Candle Fire Facts For The Winter Season
The cool crisp air reminds us to layer up for the elements before we leave our homes for the day’s activities. Pulling a sweater over your head or zipping up your coat isn’t ideal when you’re staying home the majority of the time. With recent temperatures dipping near or below freezing thousands of homeowners are finding ways to stay warm this winter while also limiting their heating bill expenditures.
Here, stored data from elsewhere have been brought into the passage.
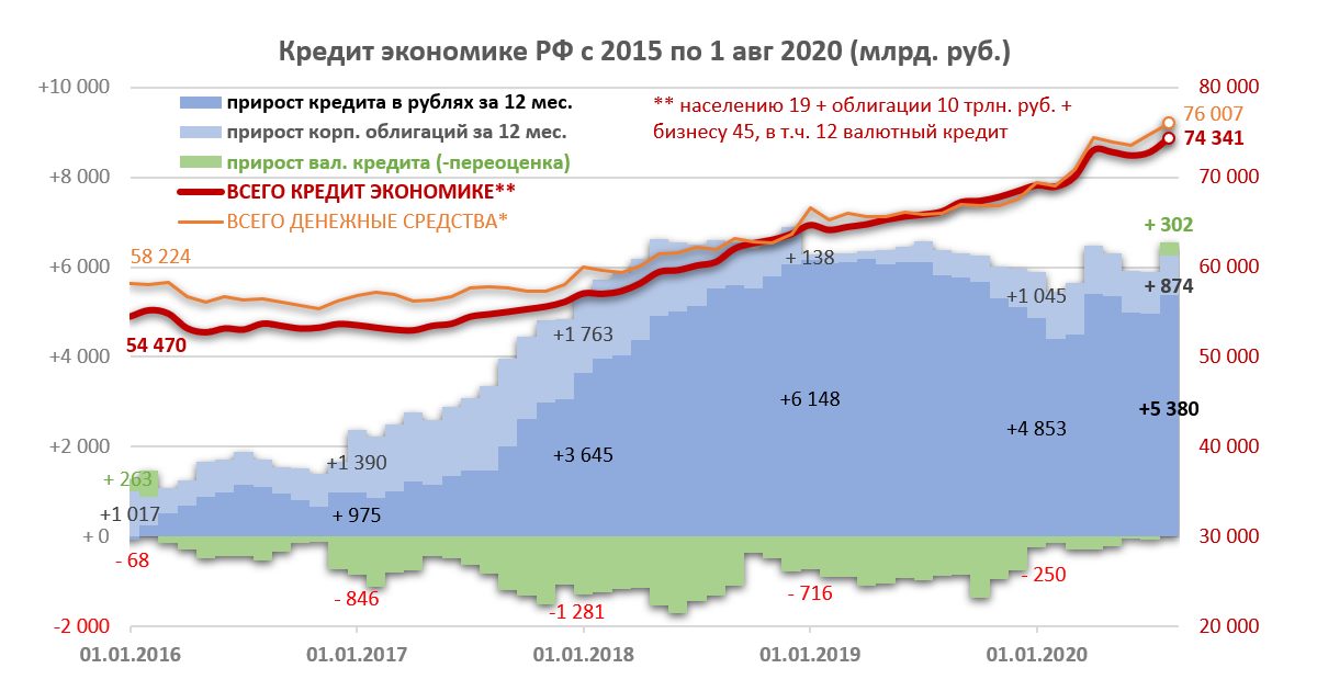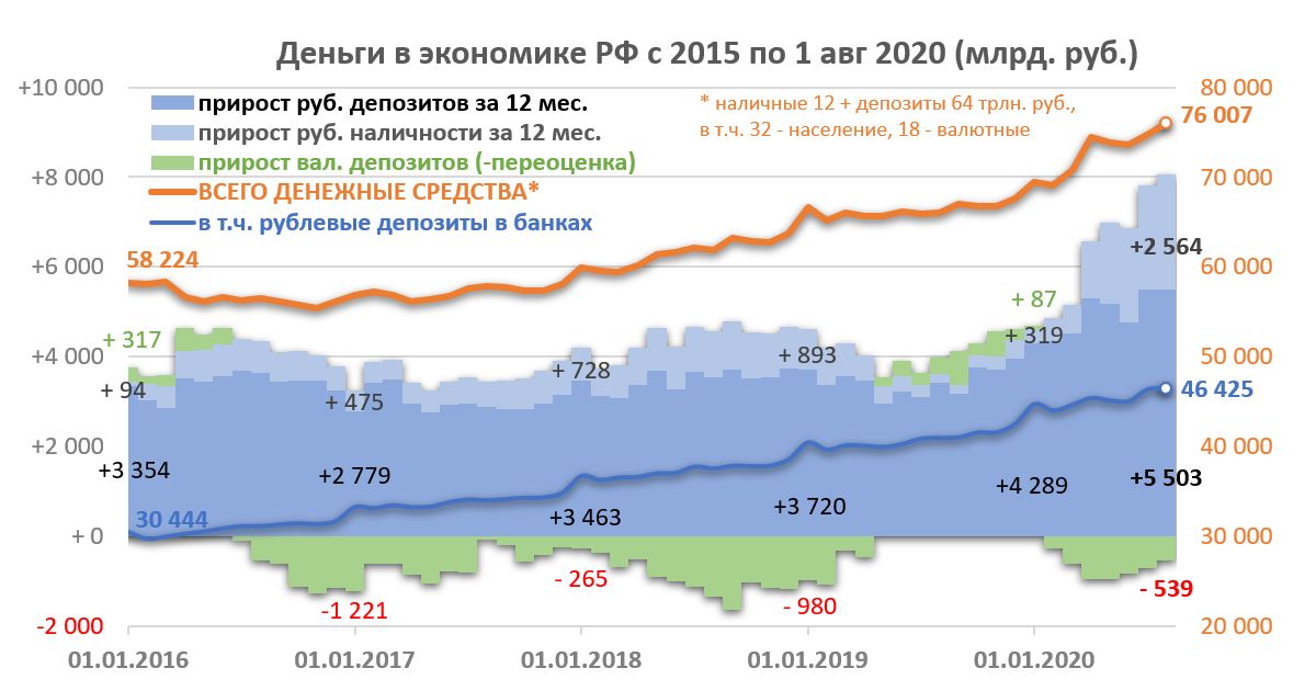 Банковский кредит – основной источник новых денег – с 2018 создает ~6 трлн. руб. в год. Разница между приростом денег и кредитов 4-6 в 2018-19 и 8-6 сейчас – из бюджетных доходов и расходов. Так, в прошлом бюджет работал с профицитом, накапливая не только валюту в ФНБ, но и рубли на счетах, в том числе от размещения ОФЗ в пользу банков. В этом году все наоборот – бюджетный дефицит больше привлечения денег с использованием госдолга. Например, региональные и прочие бюджеты в 1 полугодии 2019 сработали с профицитом 1 трлн., а в 2020 – с аналогичным дефицитом. Разницу взяли из остатков денег или получили из федерального бюджета в виде беспроцентных межбюджетных кредитов. Что будут делать во 2 полугодии, когда все бюджеты обычно работают с дефицитом, – большой вопрос, потому что практики рыночных заимствований в таких размерах у регионов нет. А политика партии (Минфина) не приветствует увеличение регионального долга.
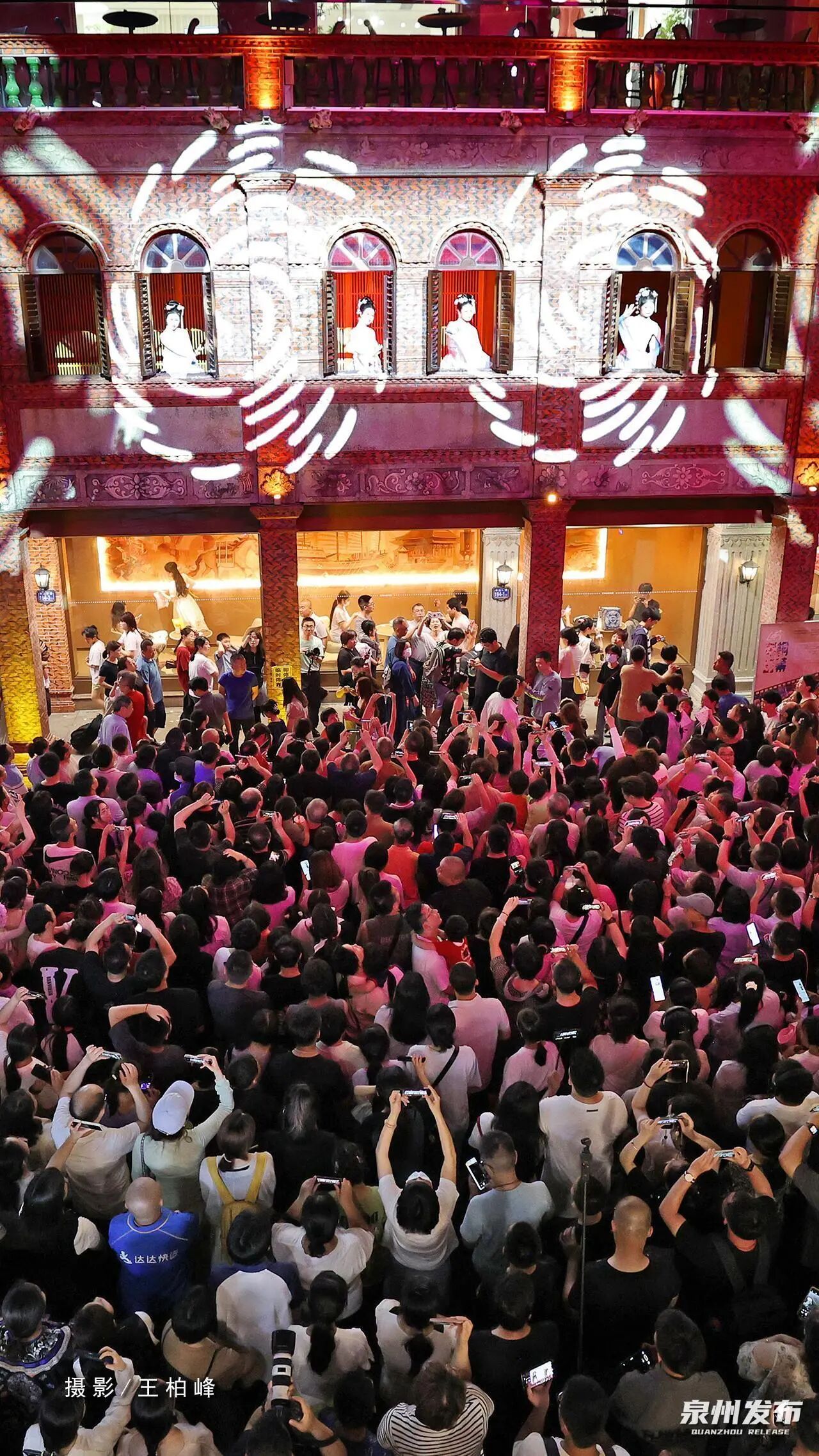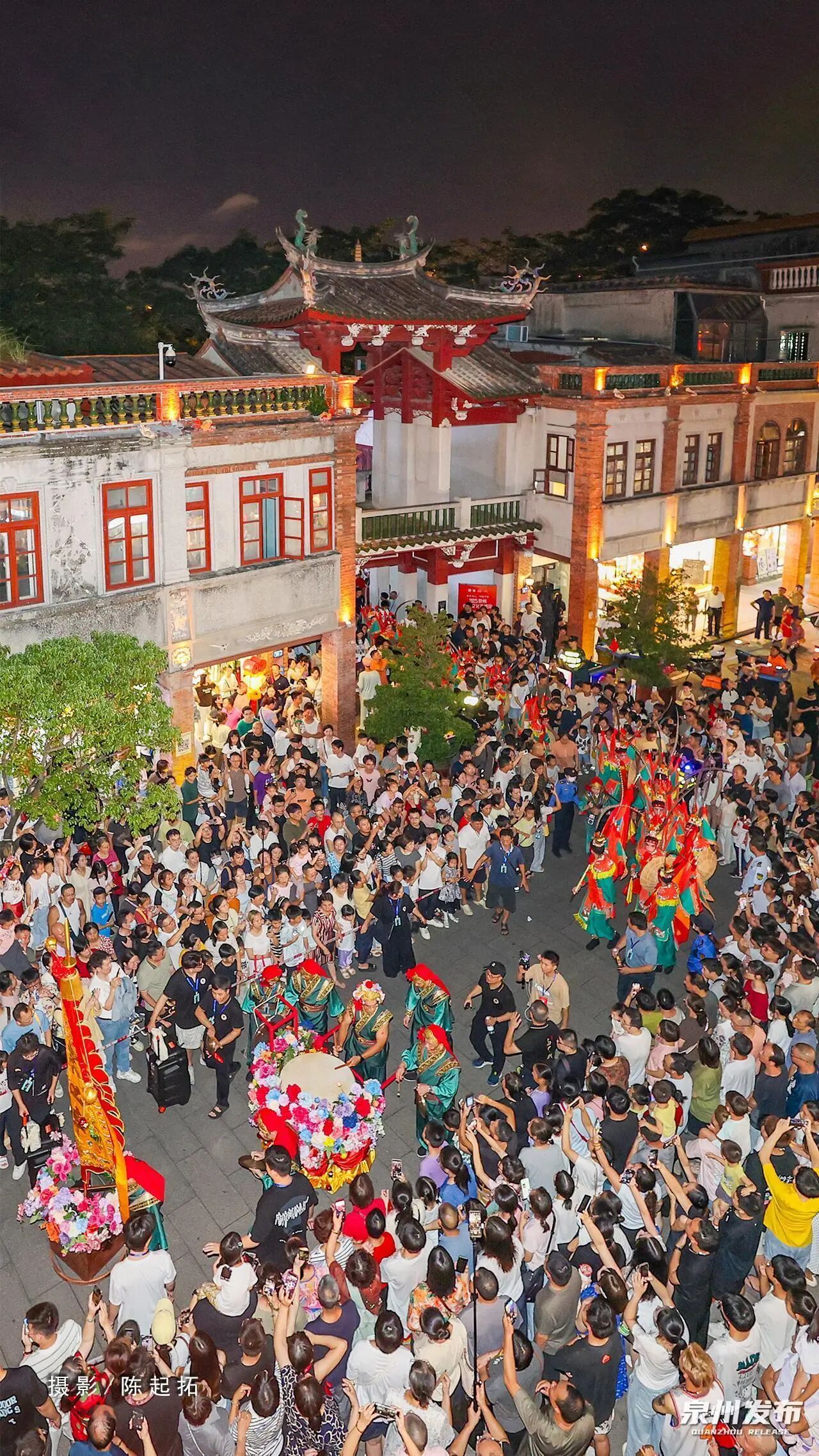 锣声起,商门开?;廊灰恍碌闹猩侥下飞?,人潮涌动。一场仿宋古礼,重现了“涨海声中万国商”的繁华盛景。市舶司前报关声起,提举率仪仗迎宾,万国商船“停泊”于刺桐古港——千年前的泉州繁华,在这一刻的烟火气中鲜活落地,翩然归来。
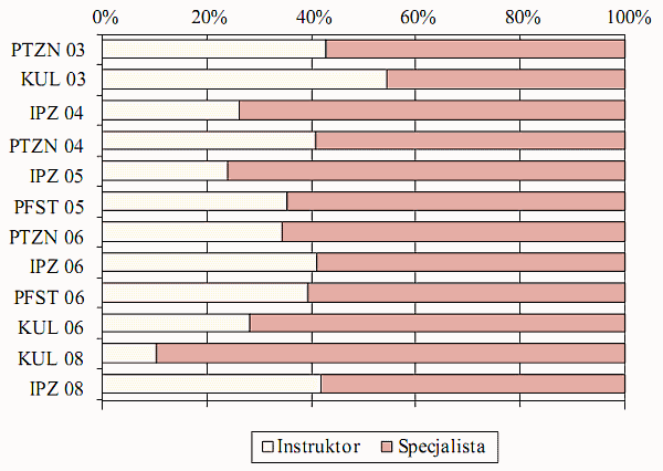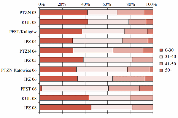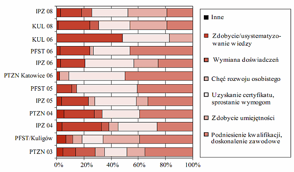 Jeśli weźmiemy pod uwagę wiek uczestników szkoleń, to widzimy, że przystępują do nich osoby coraz młodsze (wykres 2). Tendencję tę widać szczególnie wyraźnie w dwóch ostatnich edycjach szkolenia realizowanych przez KUL i IPZ, które rozpoczęły się w 2007 roku (poddane ewaluacji w 2008 roku). Wykres pokazuje, że ponad 80% szkolących się osób nie przekroczyło 40. roku życia oraz że systematycznie rośnie liczba słuchaczy, którzy rozpoczynają szkolenie tuż po podjęciu pracy zawodowej. Wśród motywów skłaniających do podjęcia szkolenia najczęściej wymieniana jest chęć podniesienia kwalifikacji, doskonalenie zawodowe oraz zdobycie nowych umiejętności. Ważnym powodem pozostaje także kwestia uzyskania certyfikatu i sprostania wymogom formalnym stawianym terapeutom uzależnień. Inne przyczyny to chęć zdobycia lub usystematyzowania wiedzy, wymiana doświadczeń oraz rozwój osobisty.
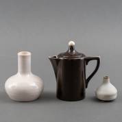 Bruingeglazuurde warme melkkan met witte accenten, ontwerp Chris van der Hoef, uitvoering Plateelbakkerij Haga, 1904-1907, gesigneerd, daarbij: witgeglazuurd flesje, ontwerp Wim van Ham, en witgeglazuurd flesje, ontwerp Frans Slot, melkkan 13 cm

Candles while not a primary heat provider is commonly used to add emotional warmth to a person’s home. Scented candles in particular perform this task truly well, however, it’s critical that you take precautions. Candles may quickly become a fire hazard potentially leading to your home becoming ablaze with flames causing smoke and soot damage. Remember to keep candles at least a foot away from any flammable objects including curtains and furniture. Blow out any lit candles before you leave the room for the evening. Lastly, consider utilizing battery-operated flameless candles which can offer the same effect as authentic candles with a minimal fire hazard.
Here are more facts on candle fires to emphasize the importance of taking safety precautions to protect your family and loved ones this season.
During the five-year period of 2014-2018 according to the National Fire Protection Association:
- December is the peak month for candle fires in the United States.
- Christmas is the peak day for candle fires in the United States.
- ? of candle fires began in the bedroom.